In this post, you will see a basic workflow and learn how to attack any problem for an insight using Machine learning.
Let’s have a quick look into basic workflow when we apply Machine Learning to a problem.
A short brief about Machine Learning, its association with AI or Data Science world is here.
How Does Machine Learning Help?
Machine Learning is about having a training algorithm that helps predict an output based on the past data. This input data can keep on changing and accordingly, the algorithm can fine tune to provide better output.

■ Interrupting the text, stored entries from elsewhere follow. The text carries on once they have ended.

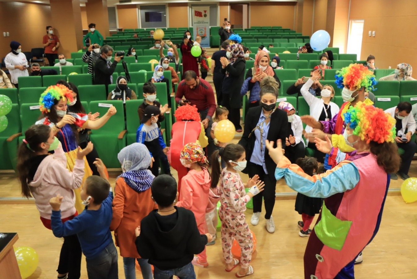 Minik kahramanlar sanatla buluşuyor faaliyeti kapsamında düzenlenen etkinliğe Hastane Başhekimi Öğretim Üyesi Dr. Ahmet Kaya, Hastane yöneticileri, doktorlar, hemşireler ve tedavi gören lösemili çocuklar katıldı.
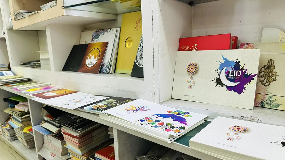 এভাবেই কালের খেয়ায় হারিয়ে যাওয়া ঈদের শুভেচ্ছা কার্ডের জৌলুস থাকা দিনের স্মৃতিচারণ করছেন রাজধানীর আজাদ প্রোডাক্টসের বিক্রেতা আলী আজম।
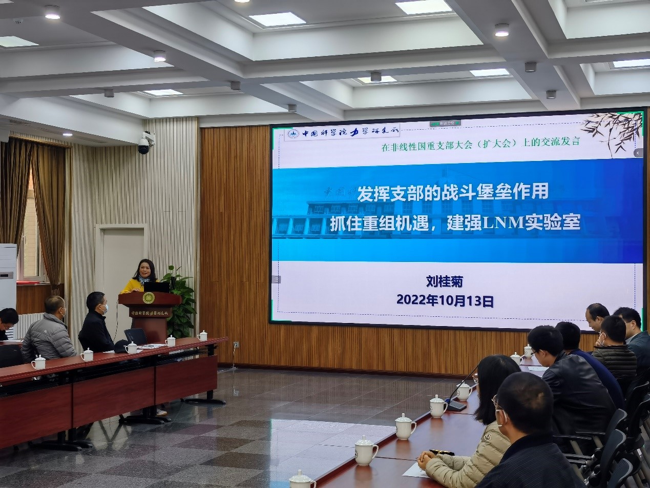 10月13日上午,LNM党支部在1号楼小礼堂召开全体党员大会。党委书记、所长刘桂菊,纪委书记叶海华,党委委员、党群工作处处长武佳丽参加了会议。会议由LNM党支部副书记、实验室副主任袁泉子主持。 刘桂菊作了题为《发挥支部的战斗堡垒作用 抓住重组机遇 建强LNM实验室》的报告。报告内容分为三个部分:形势与任务、LNM实验室与党支部、进一步发挥战斗堡垒作用。报告回顾了Q彩网和LNM实验室的发展历史,指出了国重重组形势下的实验室工作目标,对LNM党支部如何...
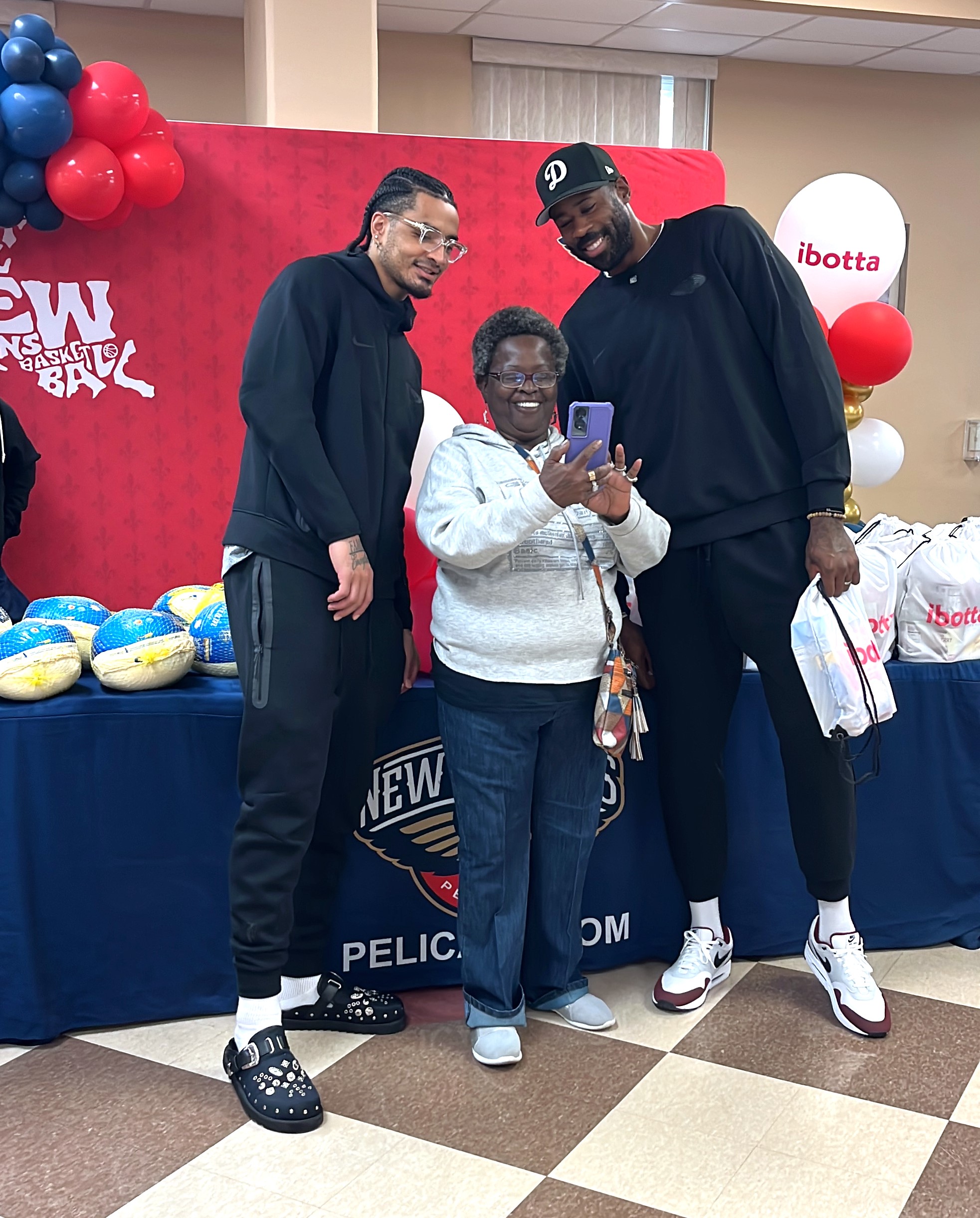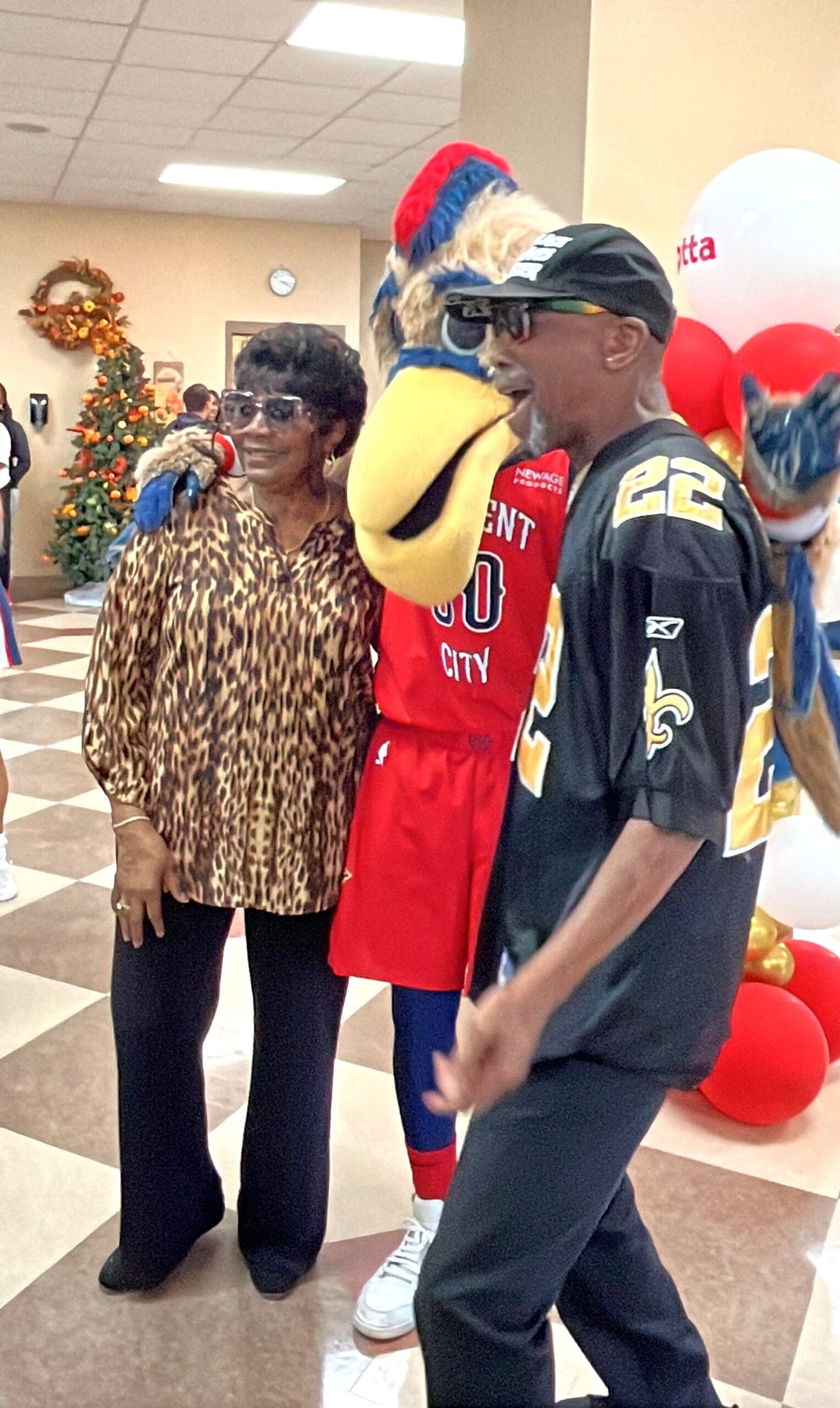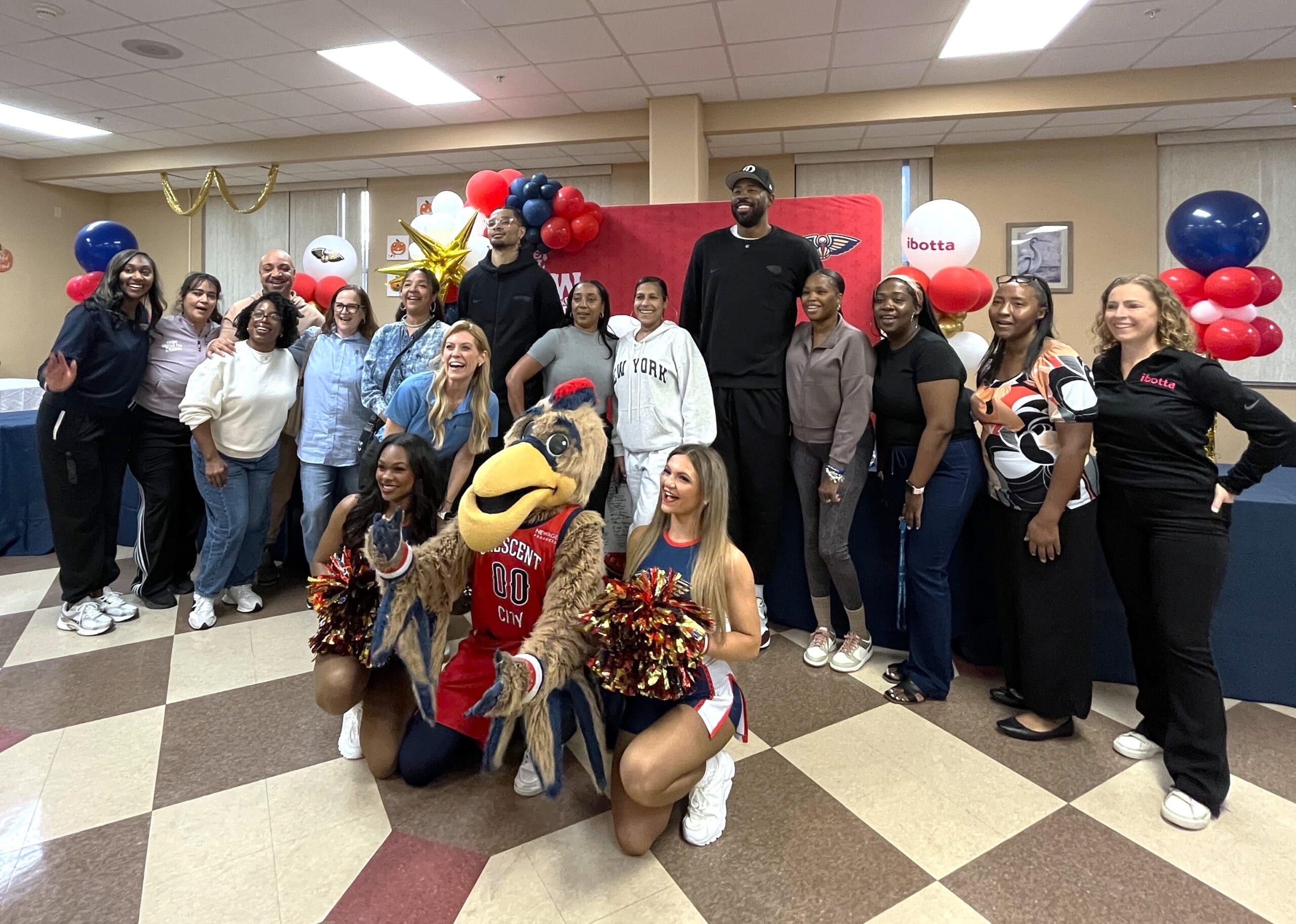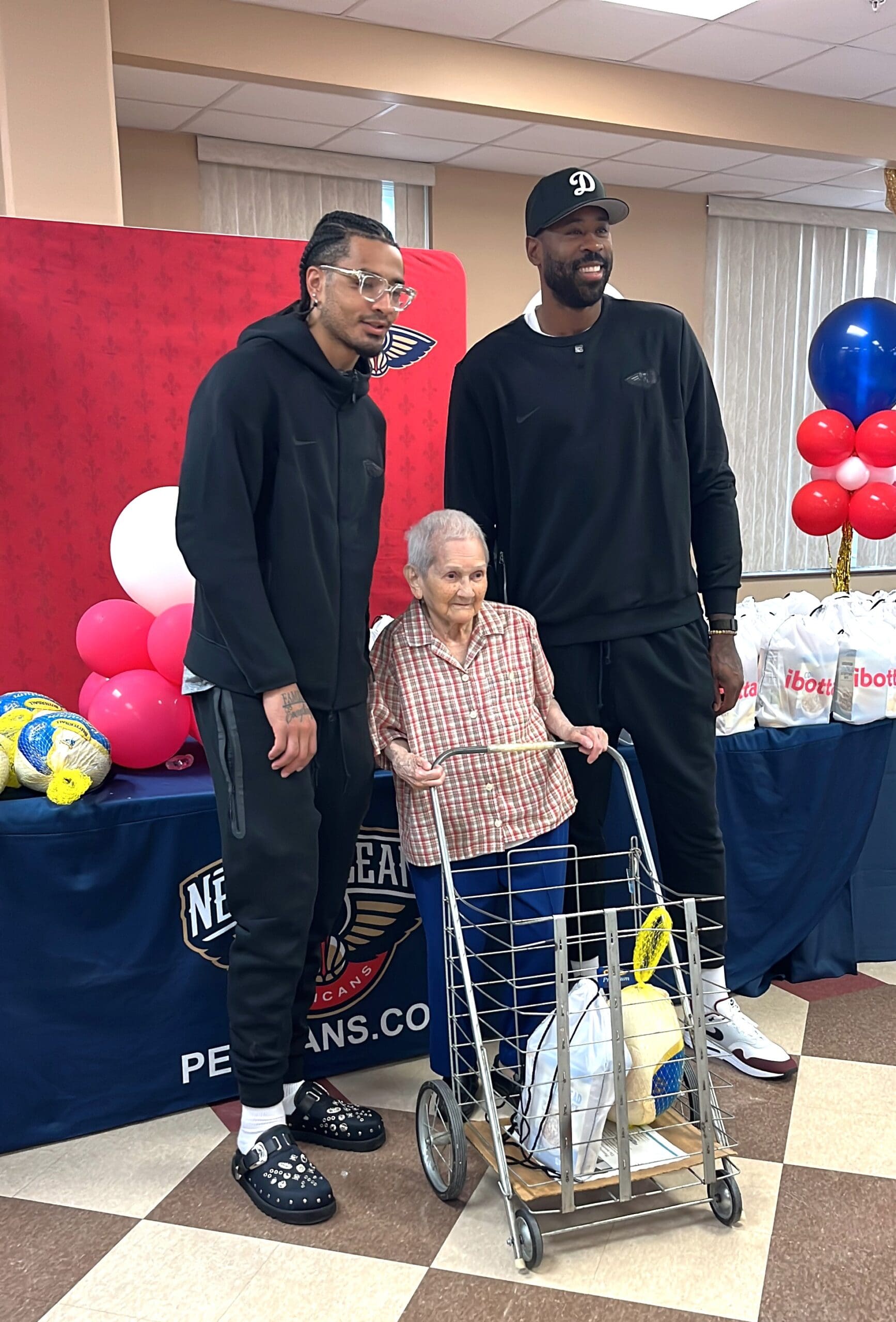 We are sincerely grateful for the generosity of the New Orleans Pelicans and Ibotta for delivering turkeys and Thanksgiving fixings to residents of Providence Community Housing! Residents from St. John Berchmans, St. Martin Manor, Villa St. Maurice and Annunciation Inn were treated to a fun visit by the New Orleans Pelicans staff and Pelicans players, DeAndre Jordan and Micah Peavy.
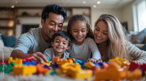 A multicultural family tidying up toys in the living room, turning cleanup time into a fun group effort
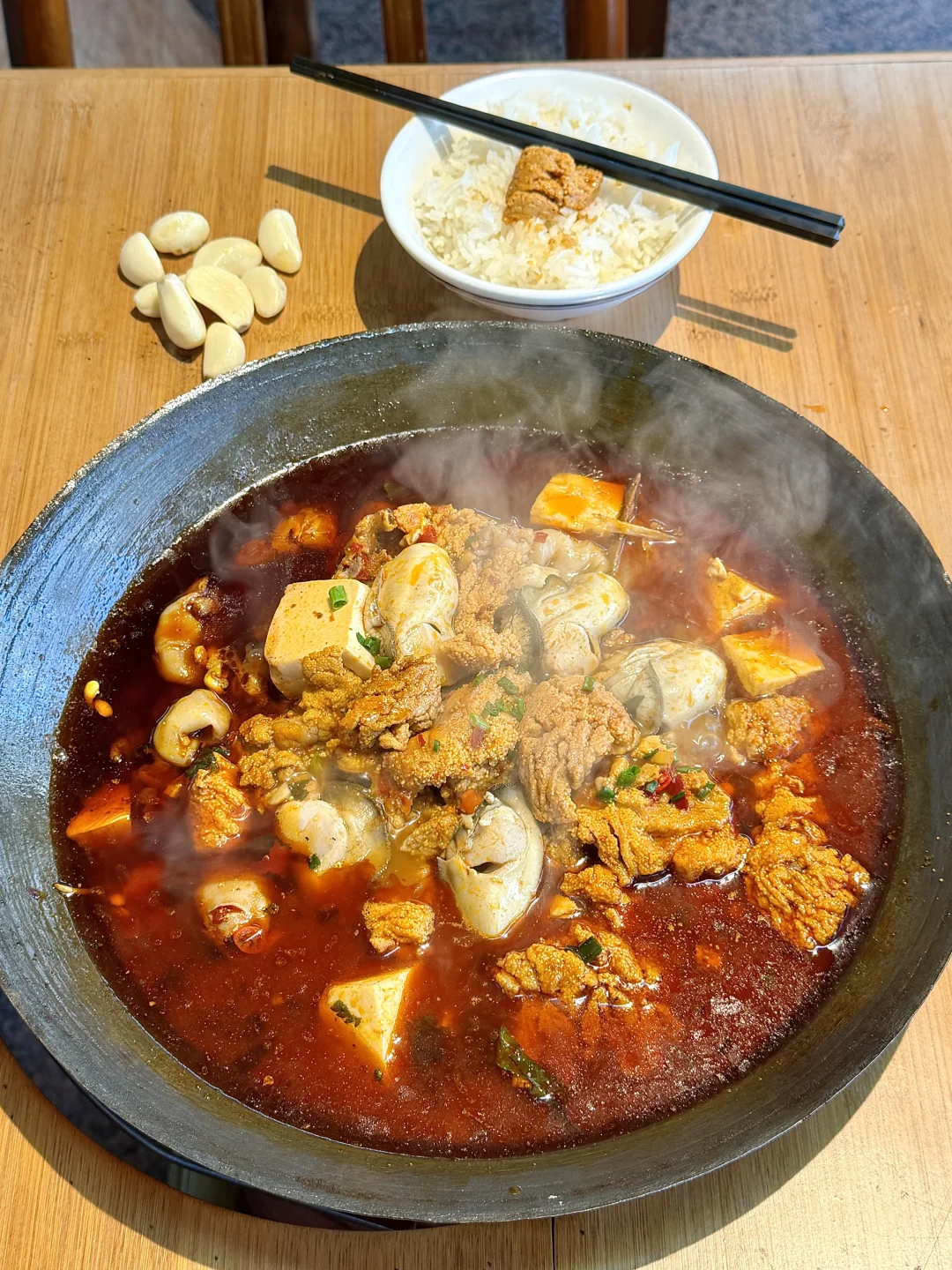 确实名不虚传🥹这么晚来还有人来排队!就藏在老居民楼下 ,不愧是本地人的食堂! 只有吃过才敢发言🙋2r的糖油粑粑!番茄牛腩烫饭、鱼籽鱼泡、贝贝南瓜粉蒸肉、渣渣牛肉滑蛋……真心平价好吃,一点不输笨罗卜!还有米汤免 费🆓喝!建议来长沙旅游的姐妹直奔这里叫:宝嗲煤炉土锅菜!不会失望

It has vast applications across. For example, Google is using it to predict natural disasters like floods. A very common use we hear these days in news are usage in Politics and how to attack the demography of voters.
How Does Machine Learning Work?
Data is the key here. More the data is, better the algorithm can learn and fine tune. For any problem output, there would be multiple factors at play. Some of them would have more affect then others. Analyzing and applying all such findings are part of a machine learning problem. Mathematically, ML converts a problem output as a function of multiple input factors.
Quote:
Y = f(x)
Y = predicted output
x = multiple factors as an input
How Does a Typical ML Workflow Look?
There is a structured way to apply ML on a problem. I tried to put the workflow in a pictorial view to easily visualize and understand it:
It’s goes in a cycle and once we have some insights from the published model, it goes back into the funnel as learning to make output better.
Quote:
Roughly, Data scientists spend 60% of their time on cleaning and organizing data
Walk Through an Example?
Let’s use dataset of Titanic survivors found here and run through basic workflow to see how certain features like traveling class, sex, age and fare are helping us assess survival probability.
Load Data From File
Data could be in various formats. Easiest is to have it in a csv and then load it using pandas. More details around how to play with data is discussed here.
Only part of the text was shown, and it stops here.